[[ GIVEN DATA open ]]

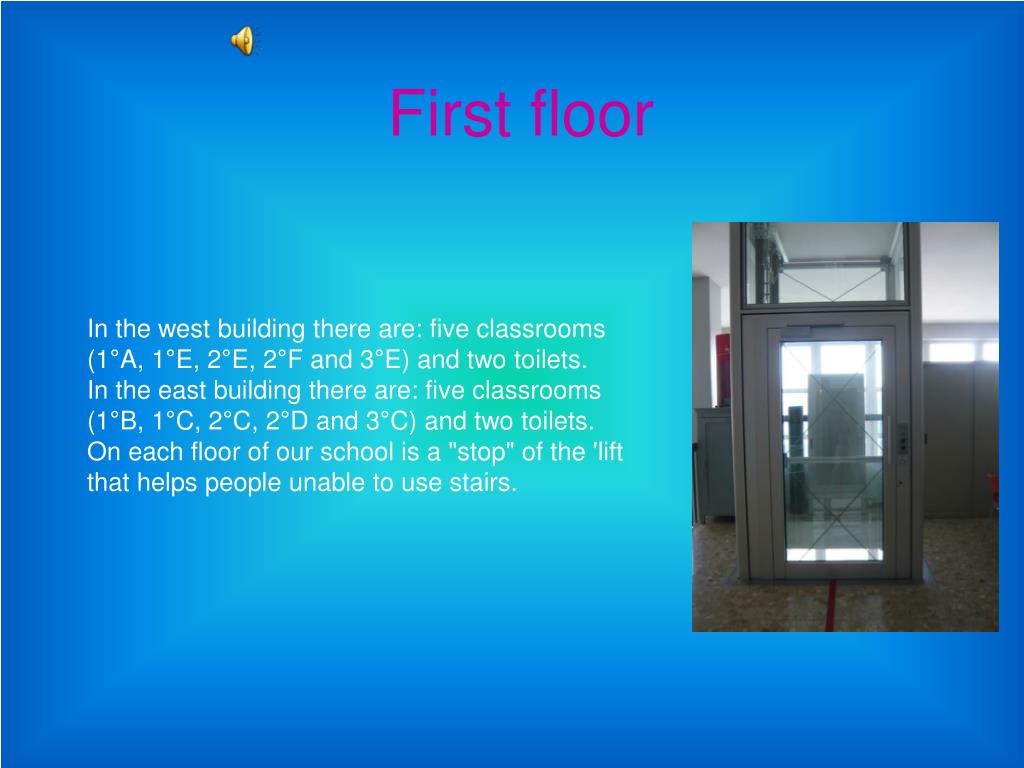 First floor In the west building there are: five classrooms (1°A, 1°E, 2°E, 2°F and 3°E) and two toilets. In the east building there are: five classrooms (1°B, 1°C, 2°C, 2°D and 3°C) and two toilets. On each floor of our school is a "stop" of the 'lift that helps people unable to use stairs.
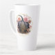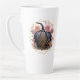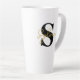 This custom monogrammed mug features a black and gold colored pumpkin with floral accents over a gold colored double hexagon frame. The monogram on the other side can be customized with any letter or name. The font and text colors may be customized as well, and the images may be adjusted for size or placement.
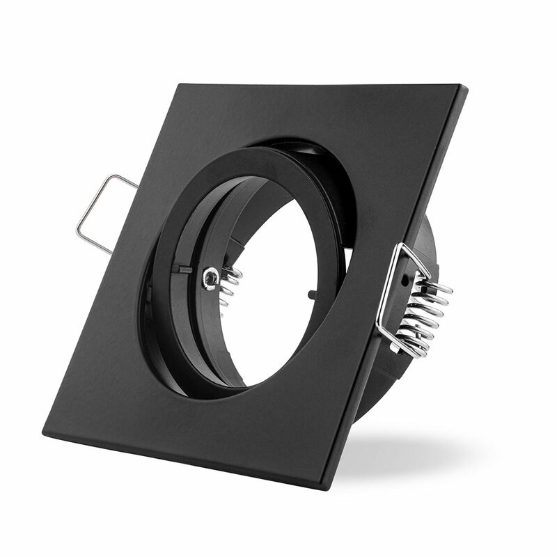 Een moderne vierkante inbouwspot in zwarte kleur met een zaagmaat van 6,8 cm. De spot is kantelbaar zodat je het licht zowel naar beneden als gericht kan laten schijnen en wordt afgesloten met een handige bajonetringsluiting. Standaard wordt de spot zonder fitting geleverd maar kan tegen meerprijs met zowel GU10 (230V) als GU5.3 (12V) worden geleverd. De spots hebben een IP waarde van 20 en zijn daarmee alleen geschikt voor droge ruimtes en niet voor bijv. de badkamer of buiten.
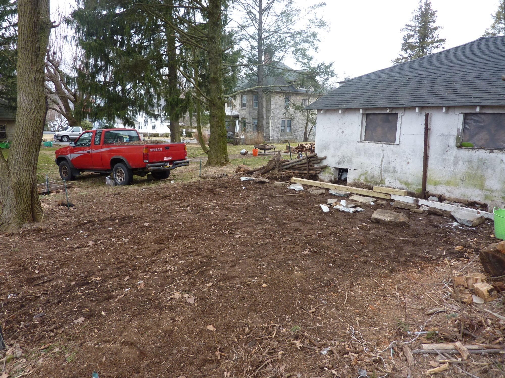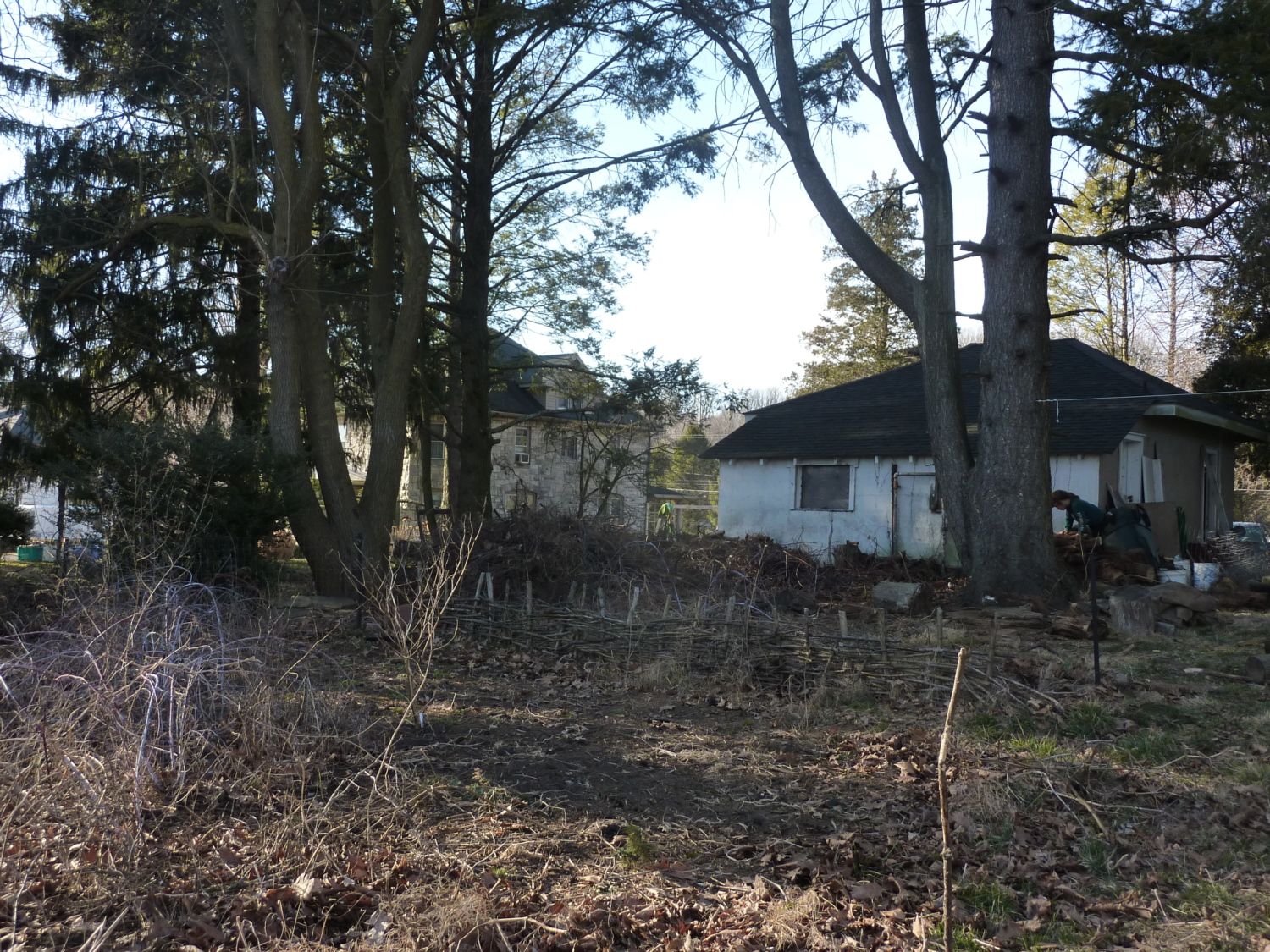 From a bit further back on the property. The area closest to the camera is our "back garden" which is a space we've dedicated to the plants that do okay when you let them go wild, squash, potatoes, asparagus, black raspberries and horseradish. Unfortunately, we've been fighting (and losing spectacularly) with a groundhog for control of this space. We're going to be installing a fence around this space when we fence in the chicken run, and I'm going to win this year.
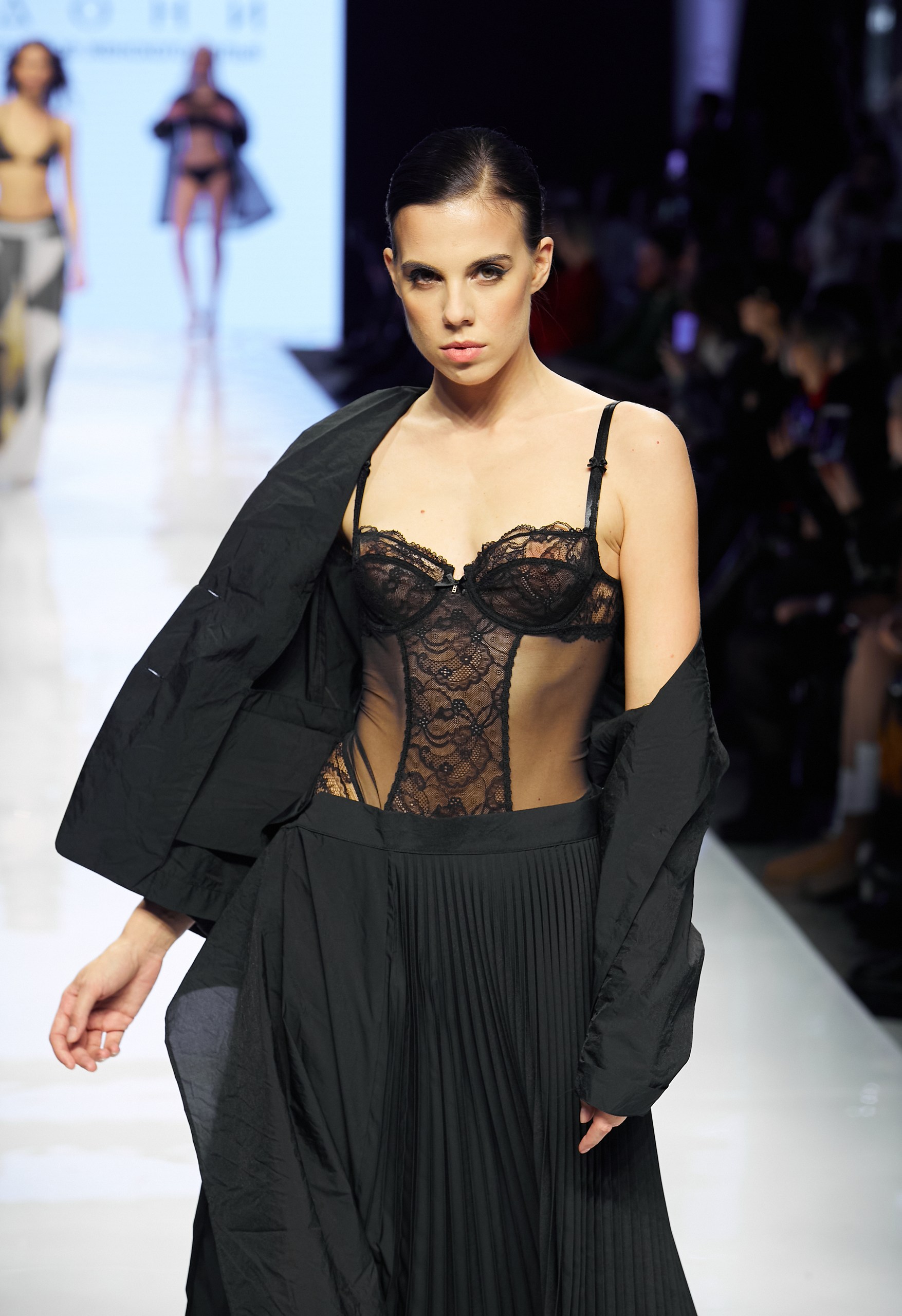 На показе белье стало полноценной частью модного образа: актуальные сочетания боди и бра из французского кружева, шелковых топов и сорочек от брендов Lise Charmel, Chantelle X, LIVY, marlies|dekkers, I.D. Sarrieri, Simone Pérèle с повседневными и вечерними образами от брендов одежды Sarah Pacini, Rocco Ragni, Daniela Drei, Easy Peserico, HIGH, Gentryportofino и Caterina Leman.
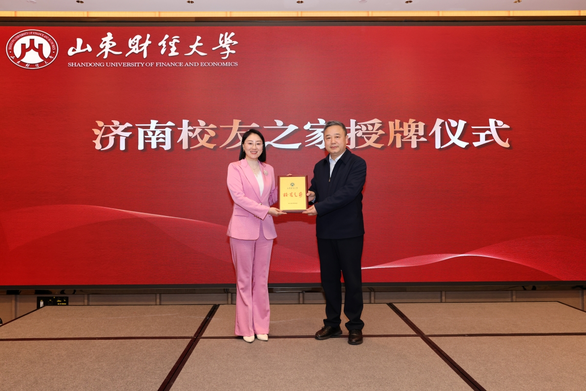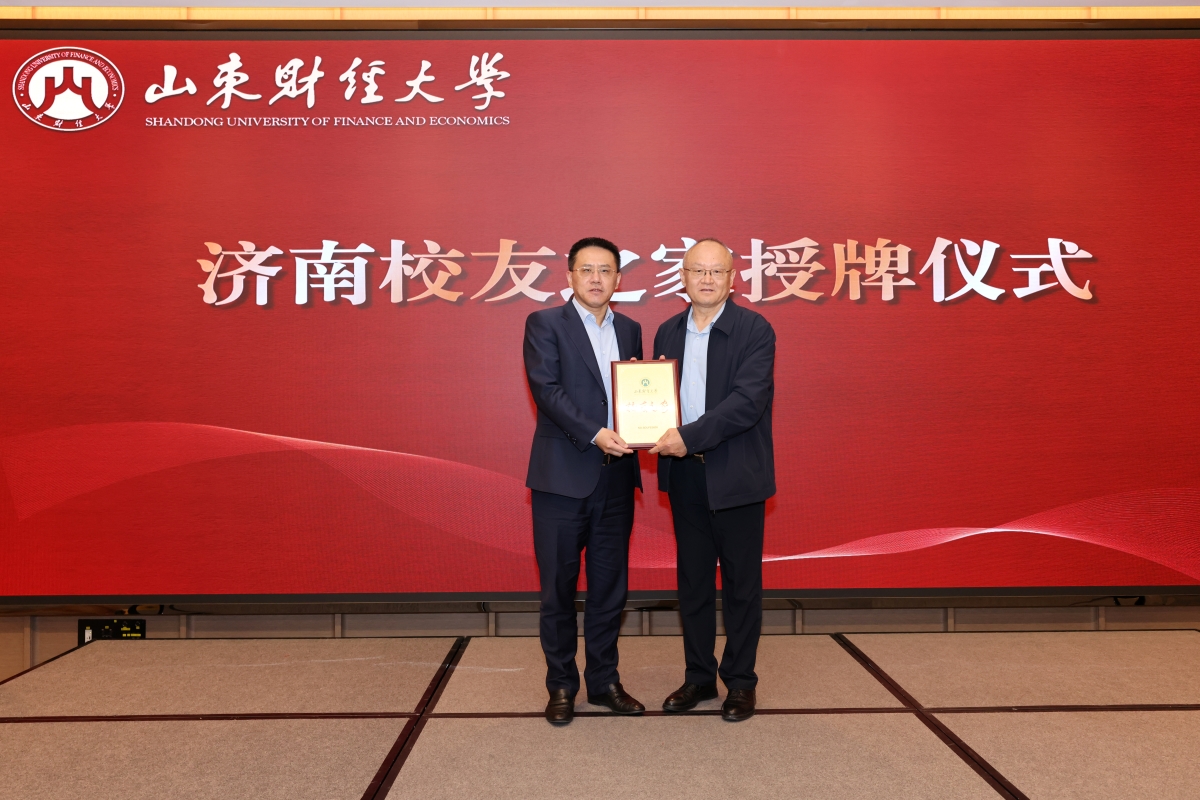 刘兴云、查玉喜分别为润华集团总裁、我校1992级校友任鹤年,沃尔德集团总裁、省政协常委、我校1999级校友商雪梅,颁授“济南校友之家”匾牌。

[[ GIVEN DATA closed ]]

**AIM OF THE EXERCISE**:
The records above should be duplicated exactly, with none of their pictures kept.

**ANSWER AREA**:
 First floor In the west building there are: five classrooms (1°A, 1°E, 2°E, 2°F and 3°E) and two toilets. In the east building there are: five classrooms (1°B, 1°C, 2°C, 2°D and 3°C) and two toilets. On each floor of our school is a "stop" of the 'lift that helps people unable to use stairs.
 This custom monogrammed mug features a black and gold colored pumpkin with floral accents over a gold colored double hexagon frame. The monogram on the other side can be customized with any letter or name. The font and text colors may be customized as well, and the images may be adjusted for size or placement.
 Een moderne vierkante inbouwspot in zwarte kleur met een zaagmaat van 6,8 cm. De spot is kantelbaar zodat je het licht zowel naar beneden als gericht kan laten schijnen en wordt afgesloten met een handige bajonetringsluiting. Standaard wordt de spot zonder fitting geleverd maar kan tegen meerprijs met zowel GU10 (230V) als GU5.3 (12V) worden geleverd. De spots hebben een IP waarde van 20 en zijn daarmee alleen geschikt voor droge ruimtes en niet voor bijv. de badkamer of buiten.
 From a bit further back on the property. The area closest to the camera is our "back garden" which is a space we've dedicated to the plants that do okay when you let them go wild, squash, potatoes, asparagus, black raspberries and horseradish. Unfortunately, we've been fighting (and losing spectacularly) with a groundhog for control of this space. We're going to be installing a fence around this space when we fence in the chicken run, and I'm going to win this year.
 На показе белье стало полноценной частью модного образа: актуальные сочетания боди и бра из французского кружева, шелковых топов и сорочек от брендов Lise Charmel, Chantelle X, LIVY, marlies|dekkers, I.D. Sarrieri, Simone Pérèle с повседневными и вечерними образами от брендов одежды Sarah Pacini, Rocco Ragni, Daniela Drei, Easy Peserico, HIGH, Gentryportofino и Caterina Leman.
 刘兴云、查玉喜分别为润华集团总裁、我校1992级校友任鹤年,沃尔德集团总裁、省政协常委、我校1999级校友商雪梅,颁授“济南校友之家”匾牌。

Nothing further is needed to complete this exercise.